Long-term Architectural Changes

  1. Process-local Configuration: Move away from global environment variables for test configuration
  2. Explicit Mock Objects: Create dedicated mock client implementations rather than relying on real clients with fake keys
  3. Test Isolation: Ensure each test runs in a completely isolated environment
  4. State Validation: Add comprehensive pre-test and post-test state validation

Verification Plan

  1. Immediate: Add logging to track environment variable changes during test runs
  2. Short-term: Implement the recommended fixes and verify clean state isolation
  3. Long-term: Develop comprehensive integration test suite that validates both mock and live behavior explicitly

Conclusion

This bug represents a critical failure in test reliability.

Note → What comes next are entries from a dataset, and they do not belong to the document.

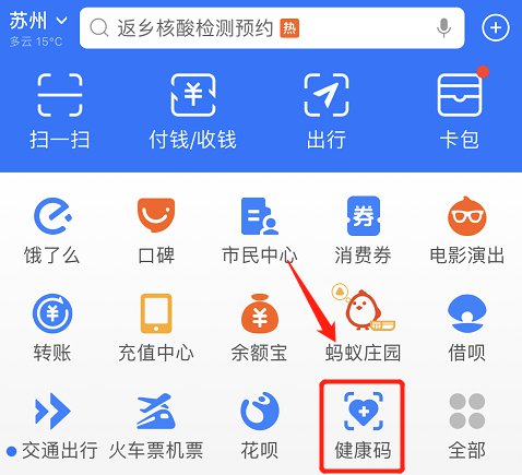 1、打开支付宝主界面,选择健康码;
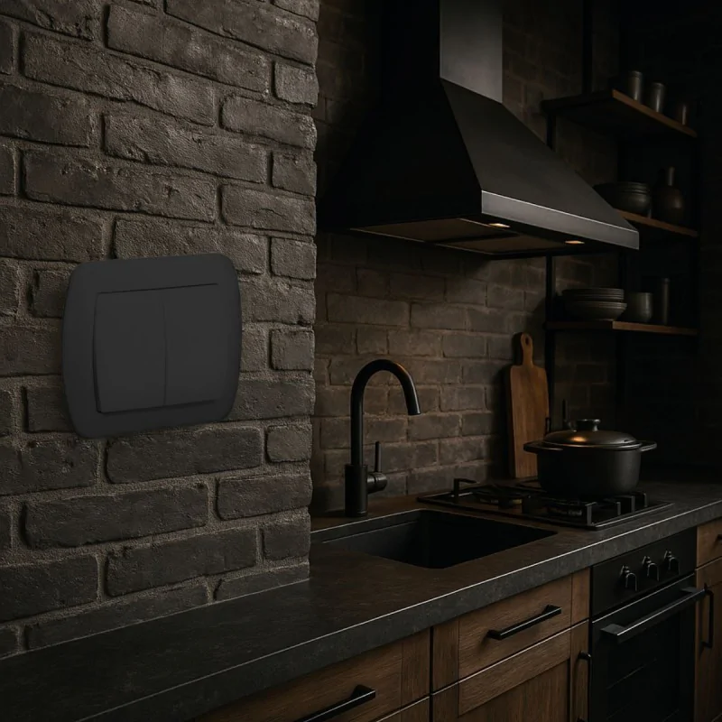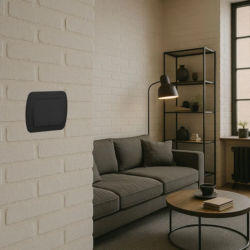 Łącznik schodowy podwójny 10AX, 250V, zaciski śrubowe; czarny mat
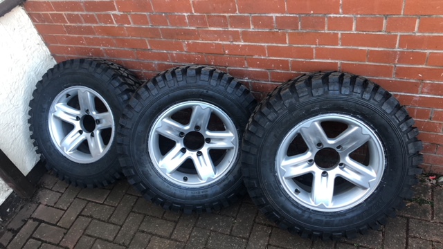 They are 16" Grand Vitara alloys shod with 235/70R16 (29"*) Malatesta Kamels
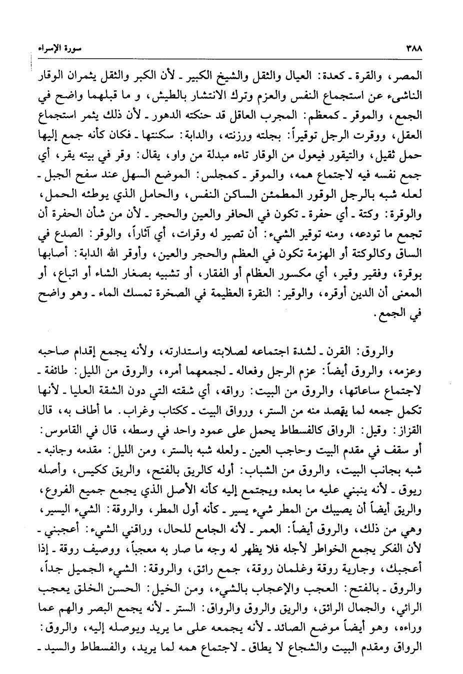 المصر ، والقرة - كعدة : العيال والثقل والشيخ الكبير - لأن الكبر والثقل يثمران الوقار الناشئ عن استجماع النفس والعزم وترك الانتشار بالطيش ، وما قبلهما واضح في الجمع ، والموقر - كمعظم : المجرب العاقل قد حنكته الدهور - لأن ذلك يثمر استجماع العقل ، ووقرت الرجل توقيراً : بجلته ورزنته ، والدابة : سكنتها - فكان كأنه جمع إليها حمل ثقيل ، والتيقور فيعول من الوقار تاءه مبدلة من واو ، يقال : وقر في بيته يقر ، أي جمع نفسه فيه لاجتماع همه ، والمرقر - كمجلس : الموضع السهل عند سفح الجبل - لعله شبه بالرجل الوقور المطمئن الساكن النفس ، والحامل الذي يوطئه الحمل ، والوقرة : وكتة - أي حفرة - تكون في الحافر والعين والحجر - لأن من شأن الحفرة أن تجمع ما تودعه ، ومنه توقير الشيء : أن تصير له وقرات ، أي آثاراً ، والوقر : الصدع في الساق وكالوكتة أو الهزمة تكون في العظم والحجر والعين ، وأوقر الله الدابة : أصابها بوقرة ، وفقير وقير ، أي مكسور العظام أو الفقار ، أو تشبيه بصغار الشاء أو اتباع ، أو المعنى أن الدين أوقره ، والوقير : النقرة العظيمة في الصخرة تمسك الماء - وهو واضح في الجمع .

While tests are passing, they’re not testing what they claim to test. The combination of global state pollution and graceful error handling has created a false sense of security where broken API integration is masked as normal behavior.

Priority: This must be fixed before any production deployment, as it fundamentally undermines confidence in the test suite’s ability to catch real integration issues.